In 2017, she was cast in the leading role of Lenú in the world première of the stage adaptation of the multi award-winning tetralogy of books My Brilliant Friend by Elena Ferrante at the Rose Theatre which transferred to the Olivier Theatre of the Royal National Theatre in 2019.  In between the transfer in 2018, Cusack returned to the Royal Shakespeare Company in another leading role as Lady Macbeth opposite Christopher Eccleston which transferred to London's Barbican Theatre.
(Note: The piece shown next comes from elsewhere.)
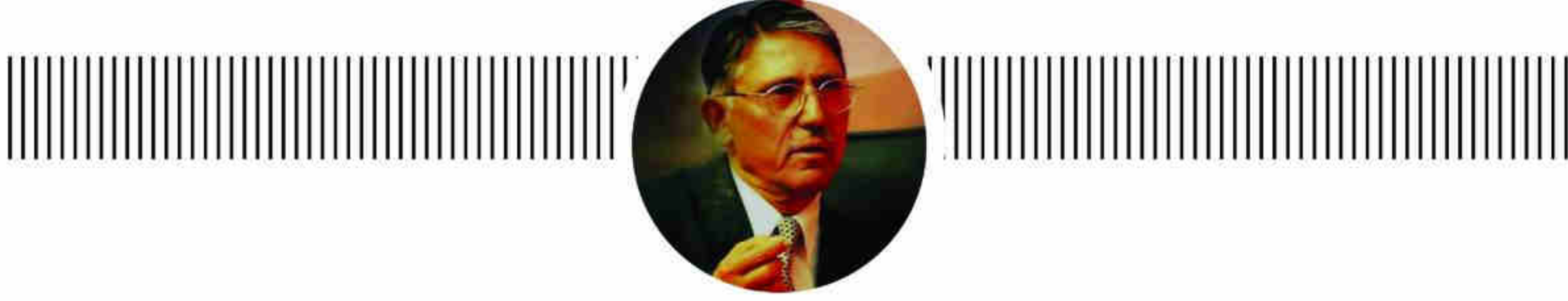
By Brij Khandelwal

When the EVMS spoke, PK's revolution evaporat-

In the first stage adaptation of Kazuo Ishiguro's novel Remains of the Day by Barney Norris, Cusack was cast as Miss Kenton, the role previously made famous on screen by Emma Thompson.  During this busy period of theatre work, Cusack returned to the small screen as Janine in the acclaimed 4-part series The Virtues directed by Shane Meadows.

In April 2020, Cusack was scheduled to make her long-awaited début at the Abbey Theatre in Brian Friel's Faith Healer opposite Aidan Gillen and directed by Joe Dowling. Due to COVID-19, the production has been temporarily postponed.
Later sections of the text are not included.